INTERVIEWS Guillaume Gillet affirme avoir encore des contacts sporadiques avec l'entraîneur portugais. « Il n'y a pas si longtemps, il était pressenti pour devenir entraîneur de Nantes. Nous en avions discuté à l'époque. Finalement, aucun accord n'a été trouvé, mais les discussions ont eu lieu. »
Selon Gillet, Bruno s'était distingué comme entraîneur adjoint par son implication sur le terrain. « Il était constamment en contact avec les joueurs et ne se contentait pas d'analyses derrière un bureau. Pendant les séances d'entraînement, il donnait beaucoup de conseils et était extrêmement impliqué. C'est pourquoi je n'ai pas été surpris qu'il obtienne ensuite le poste d'entraîneur de Porto. »
Au sein du club portugais de première division, Bruno a succédé à son mentor Sergio Conceição, avec qui il avait collaboré pendant plus de dix ans. Selon Gillet, cette longue collaboration a clairement laissé son empreinte.
« C'est une personnalité énergique qui motive constamment les joueurs. De plus, il était très impliqué dans la préparation tactique. Bien que Conceição fût le responsable final, Vitor connaissait chaque détail du plan et savait le communiquer clairement au groupe. »
Un excellent communicateur
Un atout supplémentaire pour Anderlecht est que Bruno parle couramment français. Cela a grandement facilité la communication à Nantes.
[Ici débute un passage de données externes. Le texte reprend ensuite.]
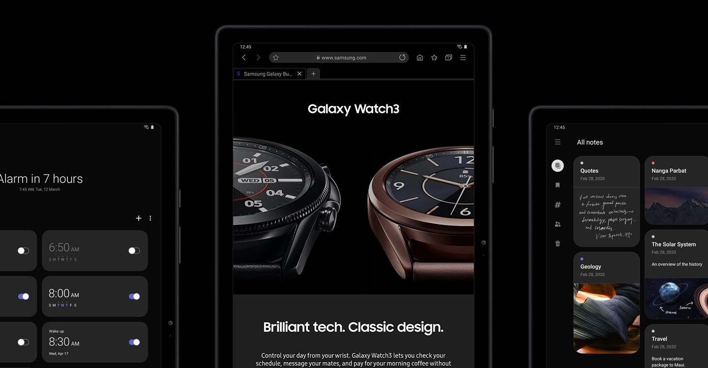 Galaxy Tab A7 is built to impress—a true head-turner that offers great immersive experiences. With beautiful symmetry and a thickness of just 7mm, it features a sophisticated metal design in three colours, Dark Gray, Silver, and Gold, and a symmetric bezel all the way around.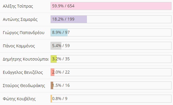 Στη ψηφοφορία πήραν μέρος 1,091 αναγνώστες. Δείτε σε πίνακα τα ποσοστά και τις ψήφους που συγκέντρωσαν όλοι οι πολιτικοί αρχηγοί: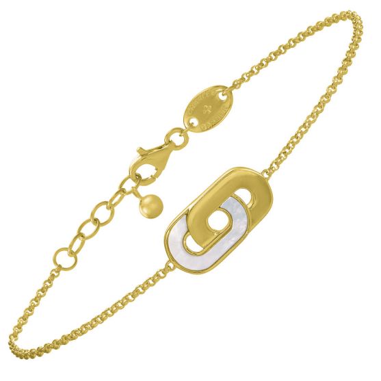 Bracelet argent doré 925 millièmes Charles Garnier. Ce bracelet argent doré présente un motif rectangulaire orné de nacre sur une maille jaseron.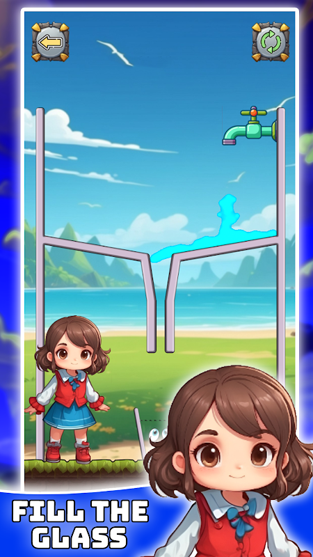 Tap on screen and fill the glass to complete the levels.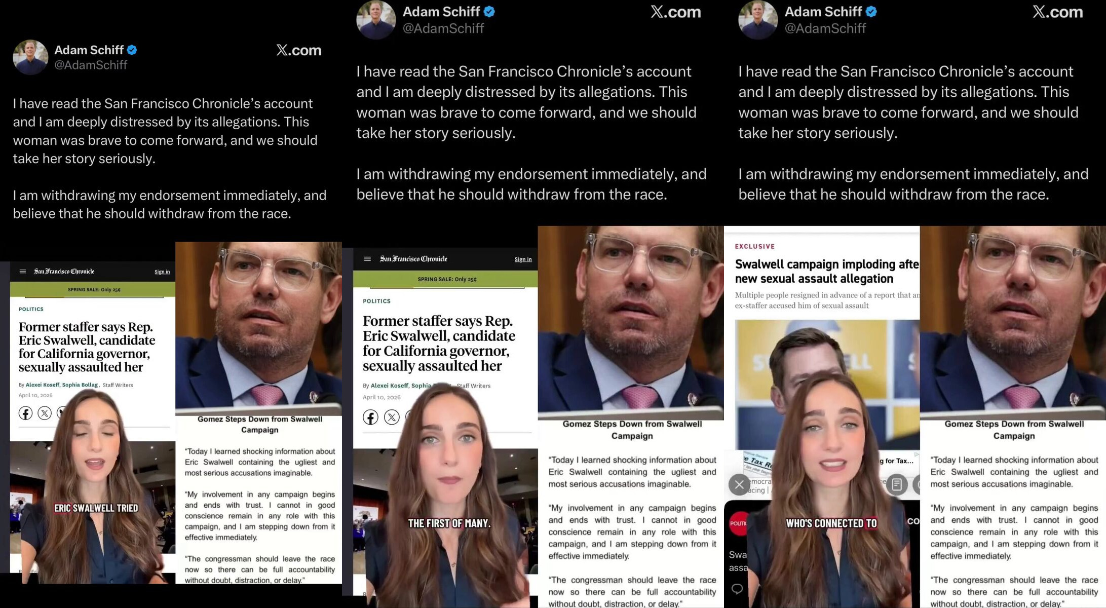 Adam Schiff has withdrawn his endorsement of Eric Swalwell for California after sexual assault allegations surfaced. Fang Fang’s former partner seems to be on his way out, circling the drain of the political swamp.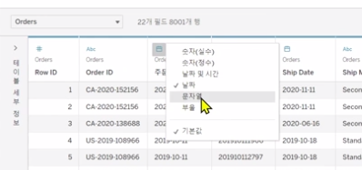데이터 타입을 선택하여 원하는 형태로 쉽게 변경할 수 있음.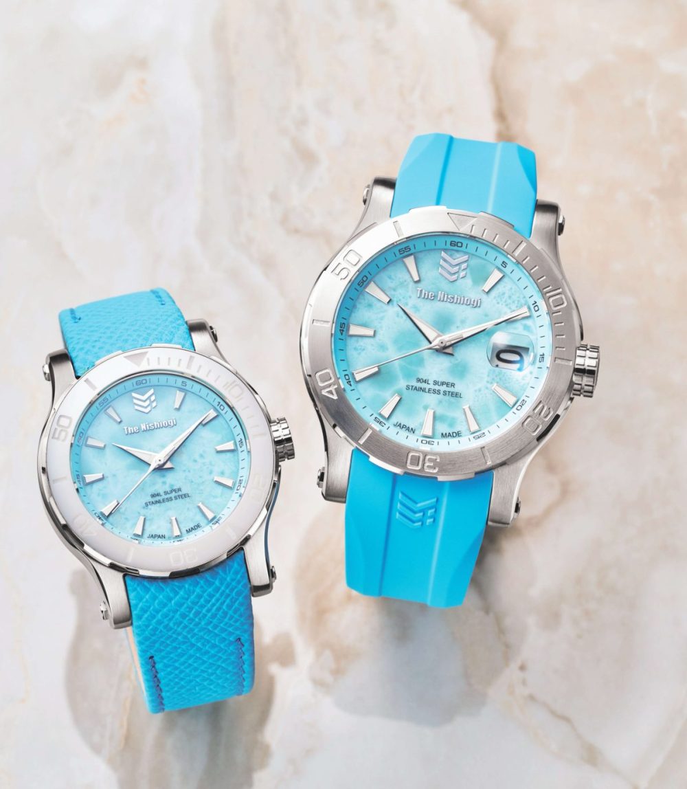 注目すべきは、文字盤に使われた天然石「ラリマー」。自然が生み出した波のような模様は、二つとして同じものが存在しません。高級ステンレス「904L」の輝きと、天然石の神秘的なブルーが融合した、ザ・ニシオギの意欲作をチェックしていきましょう。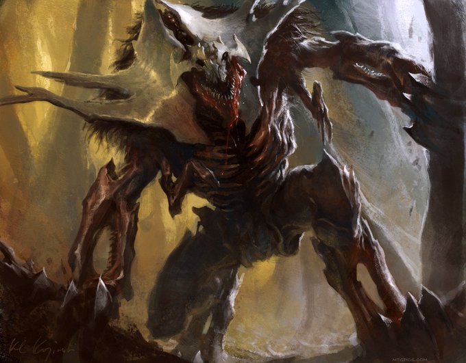 Also, off topic, but I feel like you'd really enjoy Magic the Gathering's Phyrexians - villainous, body horror, cultish stuff, fusion of flesh and machine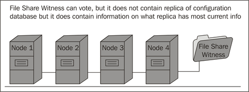 Node and File share majority: In this mode, there will be a designated file share that is created as a file share witness. There will be a replica for each of the shares, which is kept on a system disk across all the nodes; however, this is not stored on the file share, which is the core difference between node and disk majority and disk and file share majority.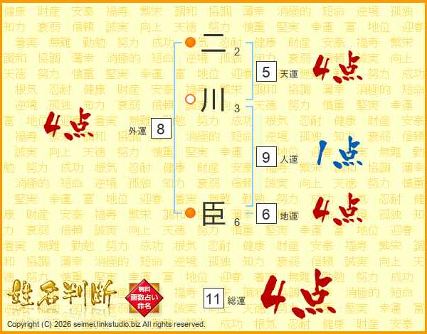 生活面を象徴する運勢です。外部から受ける影響力を表し、結婚運、家庭運や職場、環境への順応性を表します。総運から人運を引いた画数。姓や名が1文字の場合を除く。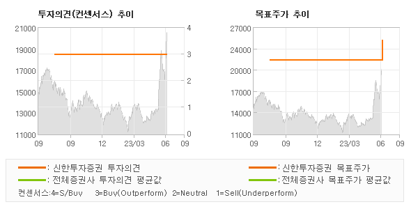 오늘 신한투자증권에서 발표된 'BUY'의견 및 목표주가 25,000원은 전체 컨센서스 대비해서 대체적으로 평균치에 해당하는 수준으로, 이번 의견은 동종목에 대한 전체적인 흐름에서 크게 벗어나지 않은 것으로 파악되며 목표가평균과 대비해서 미미한 차이가 나는 것으로 집계되었다. 참고로 최근 증권사 매매의견 중에서 제시한 바 있다.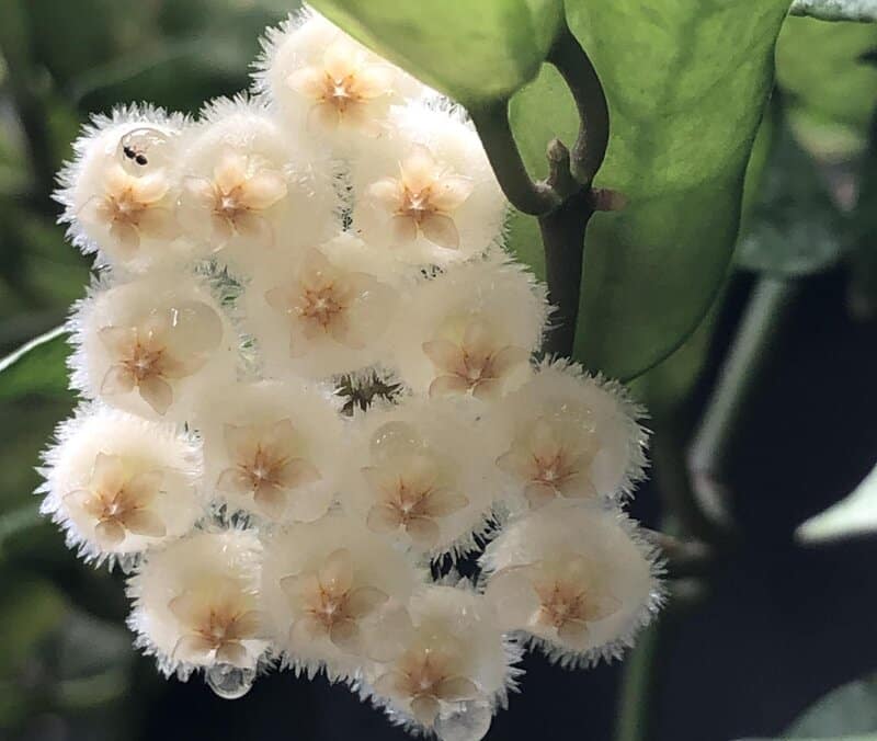 Hoya lacunosa is a species of the diverse Hoya genus with its miniature, fuzzy, pastel yellow flowers and glossy leaves. Each flower cluster is pendulous, looking downward, and comprises around 15-30 flowers each. Emerging from the center is a gorgeous, almost translucent, yellow-orange central crown.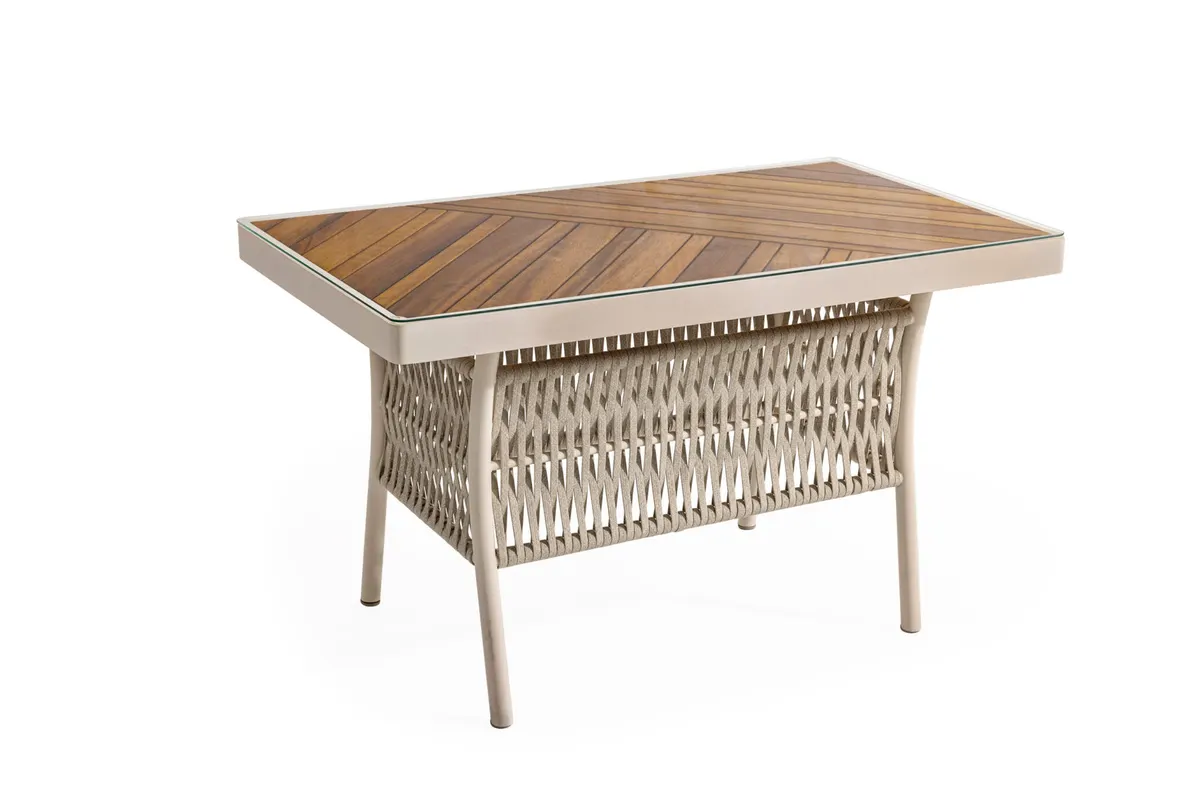 Uzun ömürlü alüminyum gövde, birinci sınıf İreko ağacı ve UV stabilizatörlü ip örgü ile hem şıklık hem dayanıklılık sunar.

Il entretenait d'excellentes relations avec l'équipe et s'entendait bien avec tout le monde. Bien sûr, le rôle change lorsqu'on devient entraîneur principal. Il faut alors prendre un peu plus de distance. Mais en tant que personne, je l'ai toujours perçu comme quelqu'un de particulièrement bien et accessible. »
Selon Gillet, avec Vitor Bruno, le club bruxellois recrute non seulement un entraîneur fort tactiquement, mais aussi un coach proche de ses joueurs et qui sait les motiver dans les moments importants.